> [Your goal]
Each record must come back unchanged in your answer, stripped of its images.
*** Supplied data Section Begins ***
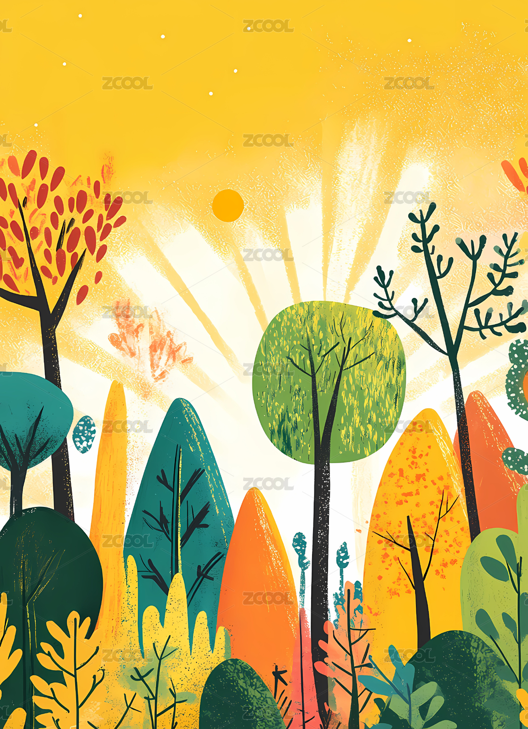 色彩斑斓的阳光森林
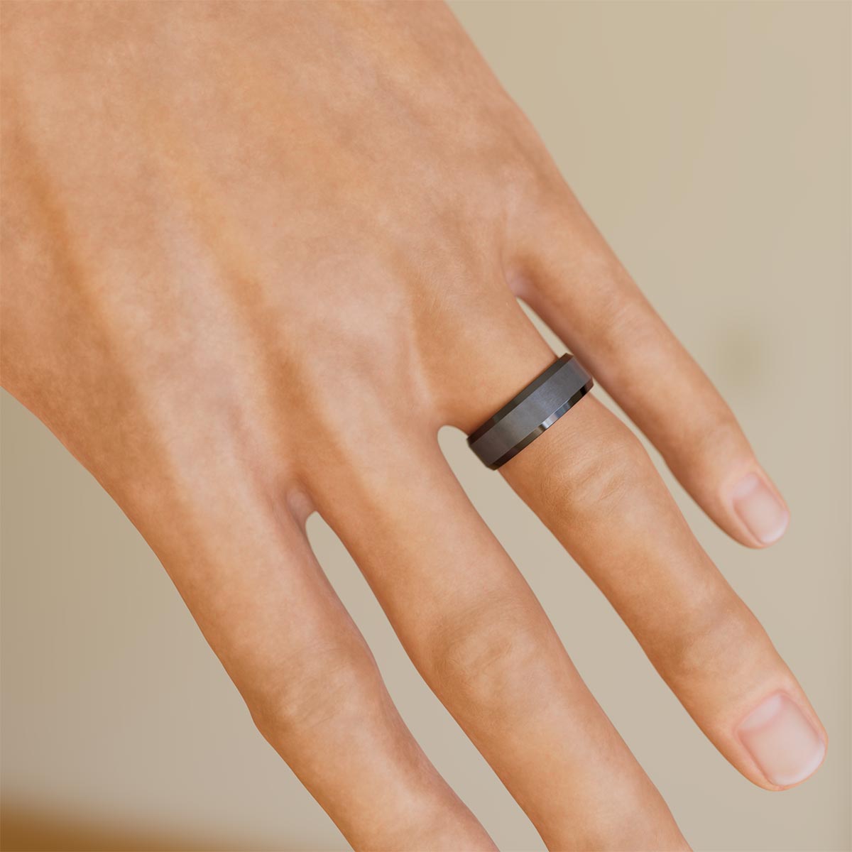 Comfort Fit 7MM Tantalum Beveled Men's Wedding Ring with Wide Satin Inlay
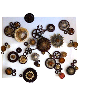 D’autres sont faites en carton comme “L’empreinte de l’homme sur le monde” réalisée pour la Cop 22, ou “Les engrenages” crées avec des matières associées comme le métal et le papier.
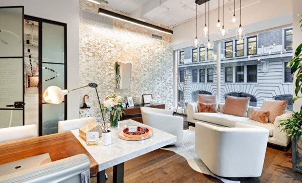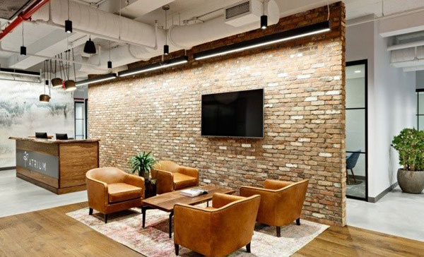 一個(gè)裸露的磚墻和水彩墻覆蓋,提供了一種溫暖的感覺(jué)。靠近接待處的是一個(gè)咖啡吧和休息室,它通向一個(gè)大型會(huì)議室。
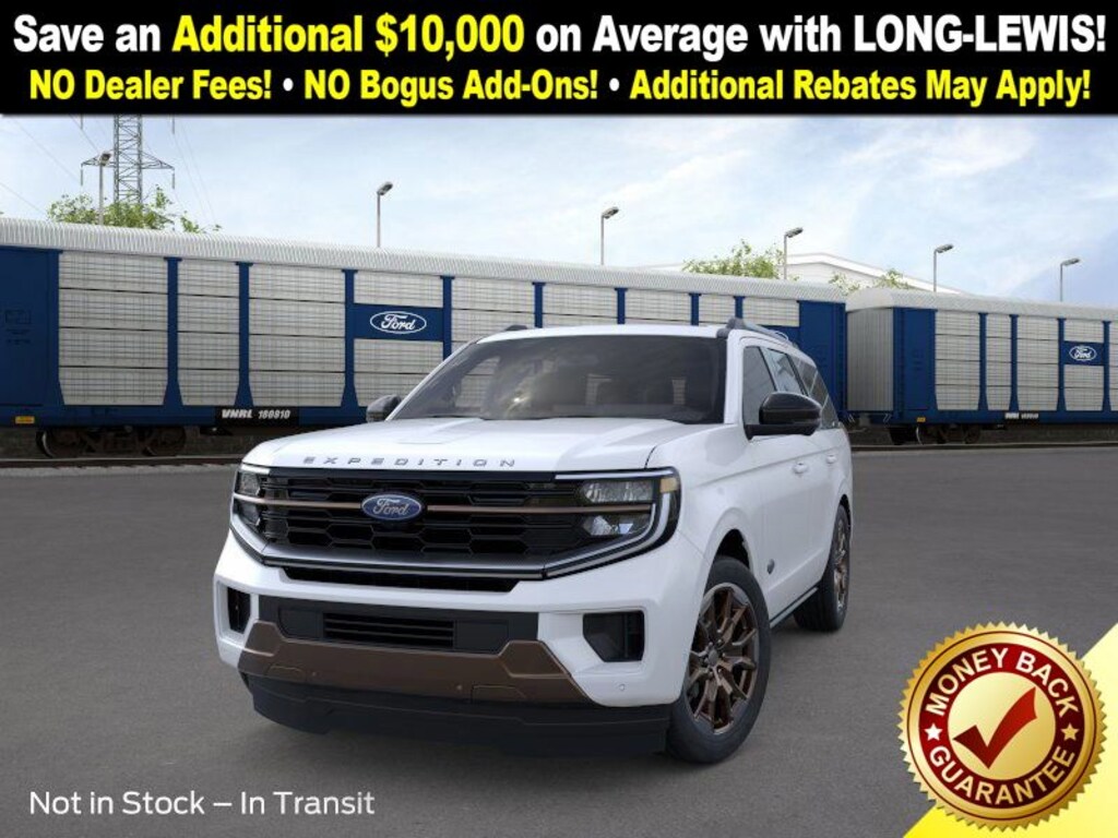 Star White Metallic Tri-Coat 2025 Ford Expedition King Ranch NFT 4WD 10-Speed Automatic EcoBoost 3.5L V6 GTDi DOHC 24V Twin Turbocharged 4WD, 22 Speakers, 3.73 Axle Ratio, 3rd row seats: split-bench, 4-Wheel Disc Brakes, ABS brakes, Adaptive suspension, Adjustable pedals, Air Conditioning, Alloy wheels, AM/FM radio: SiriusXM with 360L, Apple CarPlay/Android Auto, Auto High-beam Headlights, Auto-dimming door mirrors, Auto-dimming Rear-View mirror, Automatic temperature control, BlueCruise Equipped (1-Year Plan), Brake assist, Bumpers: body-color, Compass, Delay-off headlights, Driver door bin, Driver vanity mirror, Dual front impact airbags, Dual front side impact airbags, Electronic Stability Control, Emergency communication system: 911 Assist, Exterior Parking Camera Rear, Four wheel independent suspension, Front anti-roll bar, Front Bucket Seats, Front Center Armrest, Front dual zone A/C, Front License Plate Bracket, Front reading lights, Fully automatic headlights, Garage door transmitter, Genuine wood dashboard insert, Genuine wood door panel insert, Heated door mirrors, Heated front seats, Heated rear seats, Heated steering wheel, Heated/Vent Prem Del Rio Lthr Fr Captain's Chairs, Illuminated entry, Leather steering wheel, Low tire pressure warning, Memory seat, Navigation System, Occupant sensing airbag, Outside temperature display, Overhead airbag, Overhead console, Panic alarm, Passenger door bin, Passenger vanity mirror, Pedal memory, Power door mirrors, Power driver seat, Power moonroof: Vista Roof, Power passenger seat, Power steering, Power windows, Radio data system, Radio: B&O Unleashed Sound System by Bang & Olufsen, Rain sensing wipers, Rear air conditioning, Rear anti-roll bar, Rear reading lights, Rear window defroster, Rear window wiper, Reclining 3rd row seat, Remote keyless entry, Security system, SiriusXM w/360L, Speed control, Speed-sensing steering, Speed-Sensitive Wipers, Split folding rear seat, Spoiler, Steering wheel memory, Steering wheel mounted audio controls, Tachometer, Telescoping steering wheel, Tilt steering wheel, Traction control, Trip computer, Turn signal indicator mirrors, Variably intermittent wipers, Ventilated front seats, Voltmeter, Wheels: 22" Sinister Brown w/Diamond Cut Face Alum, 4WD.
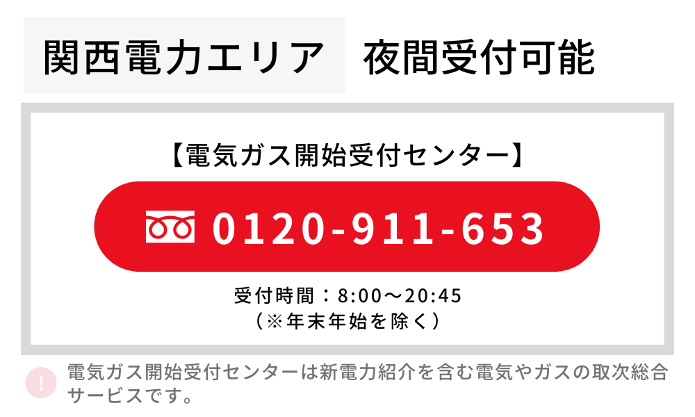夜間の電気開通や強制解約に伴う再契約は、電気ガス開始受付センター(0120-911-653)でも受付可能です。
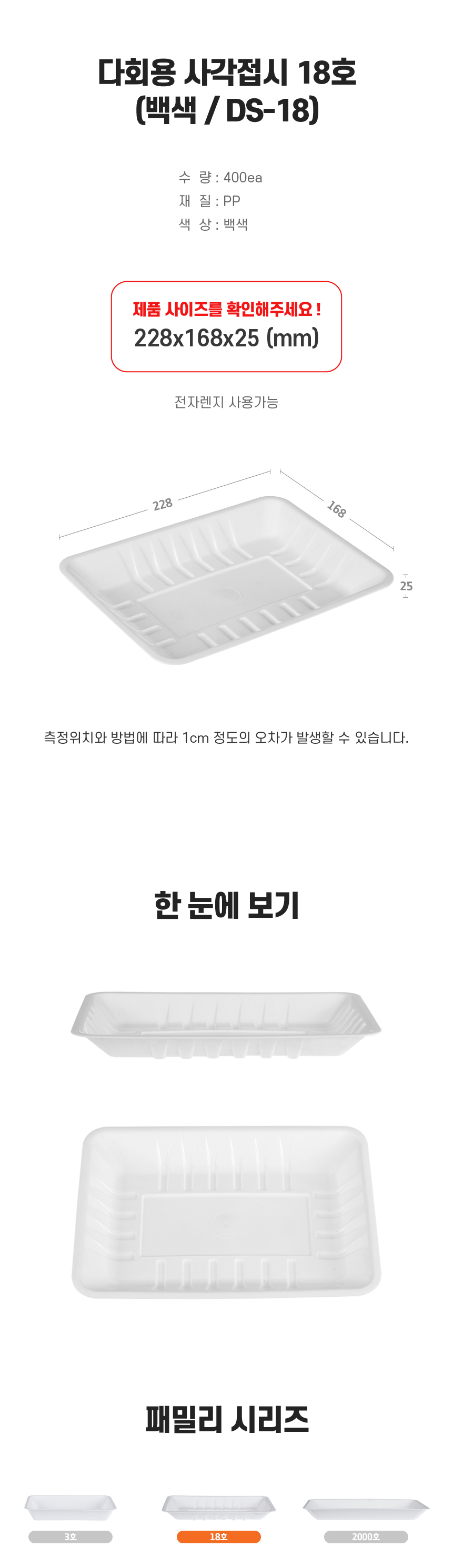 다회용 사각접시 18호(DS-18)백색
*** Supplied data Section Ends ***
> [Result of the exercise]
 色彩斑斓的阳光森林
 Comfort Fit 7MM Tantalum Beveled Men's Wedding Ring with Wide Satin Inlay
 D’autres sont faites en carton comme “L’empreinte de l’homme sur le monde” réalisée pour la Cop 22, ou “Les engrenages” crées avec des matières associées comme le métal et le papier.
 一個(gè)裸露的磚墻和水彩墻覆蓋,提供了一種溫暖的感覺(jué)。靠近接待處的是一個(gè)咖啡吧和休息室,它通向一個(gè)大型會(huì)議室。
 Star White Metallic Tri-Coat 2025 Ford Expedition King Ranch NFT 4WD 10-Speed Automatic EcoBoost 3.5L V6 GTDi DOHC 24V Twin Turbocharged 4WD, 22 Speakers, 3.73 Axle Ratio, 3rd row seats: split-bench, 4-Wheel Disc Brakes, ABS brakes, Adaptive suspension, Adjustable pedals, Air Conditioning, Alloy wheels, AM/FM radio: SiriusXM with 360L, Apple CarPlay/Android Auto, Auto High-beam Headlights, Auto-dimming door mirrors, Auto-dimming Rear-View mirror, Automatic temperature control, BlueCruise Equipped (1-Year Plan), Brake assist, Bumpers: body-color, Compass, Delay-off headlights, Driver door bin, Driver vanity mirror, Dual front impact airbags, Dual front side impact airbags, Electronic Stability Control, Emergency communication system: 911 Assist, Exterior Parking Camera Rear, Four wheel independent suspension, Front anti-roll bar, Front Bucket Seats, Front Center Armrest, Front dual zone A/C, Front License Plate Bracket, Front reading lights, Fully automatic headlights, Garage door transmitter, Genuine wood dashboard insert, Genuine wood door panel insert, Heated door mirrors, Heated front seats, Heated rear seats, Heated steering wheel, Heated/Vent Prem Del Rio Lthr Fr Captain's Chairs, Illuminated entry, Leather steering wheel, Low tire pressure warning, Memory seat, Navigation System, Occupant sensing airbag, Outside temperature display, Overhead airbag, Overhead console, Panic alarm, Passenger door bin, Passenger vanity mirror, Pedal memory, Power door mirrors, Power driver seat, Power moonroof: Vista Roof, Power passenger seat, Power steering, Power windows, Radio data system, Radio: B&O Unleashed Sound System by Bang & Olufsen, Rain sensing wipers, Rear air conditioning, Rear anti-roll bar, Rear reading lights, Rear window defroster, Rear window wiper, Reclining 3rd row seat, Remote keyless entry, Security system, SiriusXM w/360L, Speed control, Speed-sensing steering, Speed-Sensitive Wipers, Split folding rear seat, Spoiler, Steering wheel memory, Steering wheel mounted audio controls, Tachometer, Telescoping steering wheel, Tilt steering wheel, Traction control, Trip computer, Turn signal indicator mirrors, Variably intermittent wipers, Ventilated front seats, Voltmeter, Wheels: 22" Sinister Brown w/Diamond Cut Face Alum, 4WD.
夜間の電気開通や強制解約に伴う再契約は、電気ガス開始受付センター(0120-911-653)でも受付可能です。
 다회용 사각접시 18호(DS-18)백색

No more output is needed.